Hard Failover

Hard failover allows a node to be removed from a cluster reactively, because the node has become unavailable or unstable.

Understanding Hard Failover

Hard failover drops a node from a cluster reactively, because the node has become unavailable or unstable. It is manually or automatically initiated, and occurs after the point at which active vBuckets have been lost.

The automatic initiation of hard failover is known as automatic failover, and is configured by means of the Node Availability screen, in the Settings area of Couchbase Web Console, or by means of equivalent CLI and REST API commands. This page explains how to initiate hard failover manually.

A complete conceptual description of failover and its variants (including hard) is provided in Failover.

Examples on This Page

The examples in the subsections below show fail the same node over gracefully, from the same two-node cluster; using the UI, the CLI, and the REST API respectively. The examples assume:

  • A two-node cluster already exists; as at the conclusion of Join a Cluster and Rebalance.

  • The cluster has the Full Administrator username of Administrator, and password of password.

Hard Failover with the UI

Proceed as follows:

  1. Access the Couchbase Web Console Servers screen, on node 10.142.181.101, by left-clicking on the Servers tab in the left-hand navigation bar. The display is as follows:

    twoNodeClusterAfterRebalanceCompressedView
  2. To see further details of each node, left-click on the row for the node. The row expands vertically, as follows:

    twoNodeClusterAfterRebalance
  3. To initiate failover, left-click on the Failover button, at the lower right of the row for 101.142.181.102:

    failoverButton

    The Confirm Failover Dialog now appears:

    confirmFailoverDialog

    Two radio buttons are provided, to allow selection of either Graceful or Hard failover. Graceful is selected by default.

  4. Select hard failover by selecting the Hard radio button:

    confirmHardFailoverDialog

    Note the warning message that appears when hard failover is selected: in particular, this points out that hard failover may interrupt ongoing writes and replications, and that therefore it may be better to Remove a Node and Rebalance, than use hard failover on a still-available Data Service node.

    To continue with hard failover, confirm your choice by left-clicking on the Failover Node button.

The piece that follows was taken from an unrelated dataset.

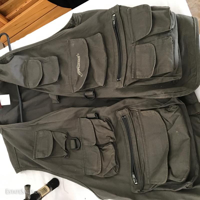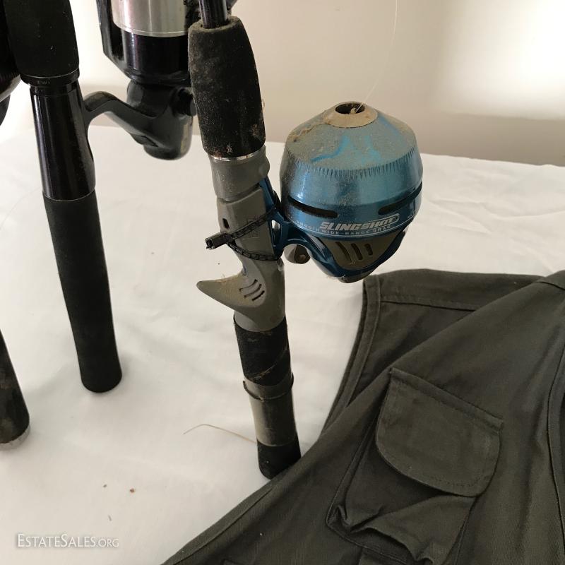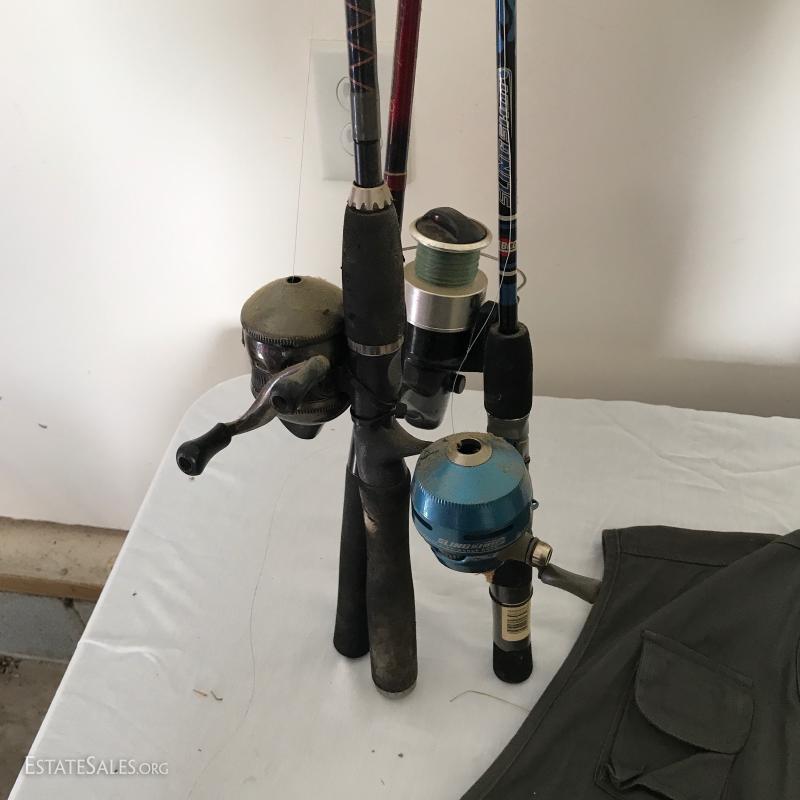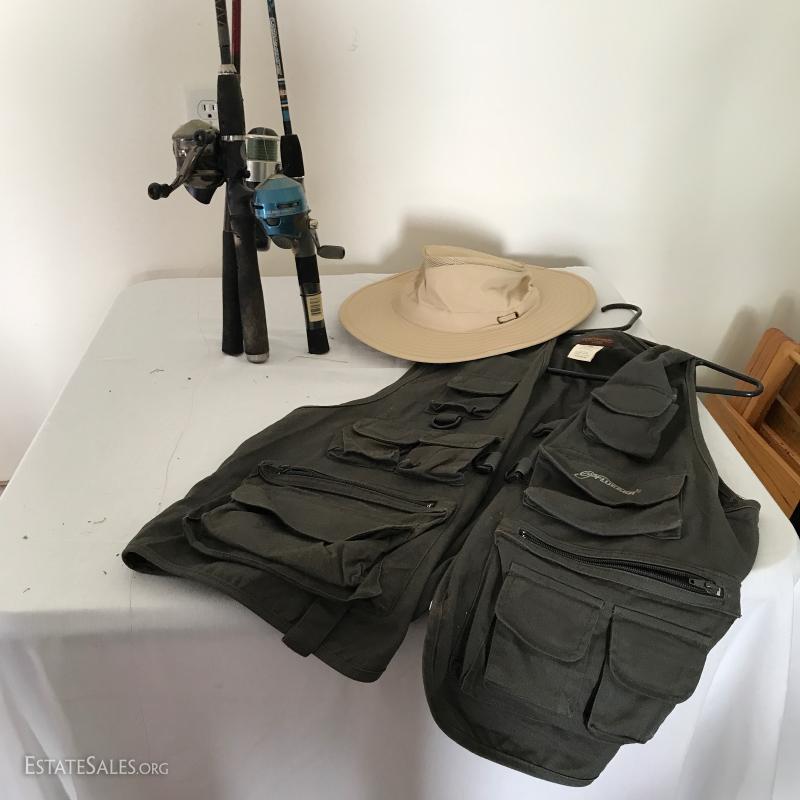 Add to your fishing gear without breaking the bank! Lot includes hat, vest, and three poles with reels. See pics for more details.

    Hard failover now occurs. On conclusion, the Servers screen appears as follows:

    twoNodeClusterAfterHardFailover

    This indicates that hard failover has successfully completed, but a rebalance is required to complete the reduction of the cluster to one node.

  5. Left-click the Rebalance button, at the upper right, to initiate rebalance. When the process is complete, the Server screen appears as follows:

    gracefulFailoverAfterRebalance

    Node 10.142.181.102 has successfully been removed.

Hard Failover with the CLI

To perform hard failover on a node, use the failover command with the --force flag, as follows:

couchbase-cli failover -c 10.142.181.102:8091 \
--username Administrator \
--password password \
--server-failover 10.142.181.102:8091 --force

The --force flag specifies that failover be hard.

When the progress completes successfully, the following output is displayed:

SUCCESS: Server failed over

The cluster can now be rebalanced with the following command, to remove the failed over node:

couchbase-cli rebalance -c 10.142.181.101:8091 \
--username Administrator \
--password password --server-remove 10.142.181.102:8091

Progress is displayed as console output. If successful, the operation gives the following output:

SUCCESS: Rebalance complete

For more information on failover, see failover. For more information on rebalance, see rebalance.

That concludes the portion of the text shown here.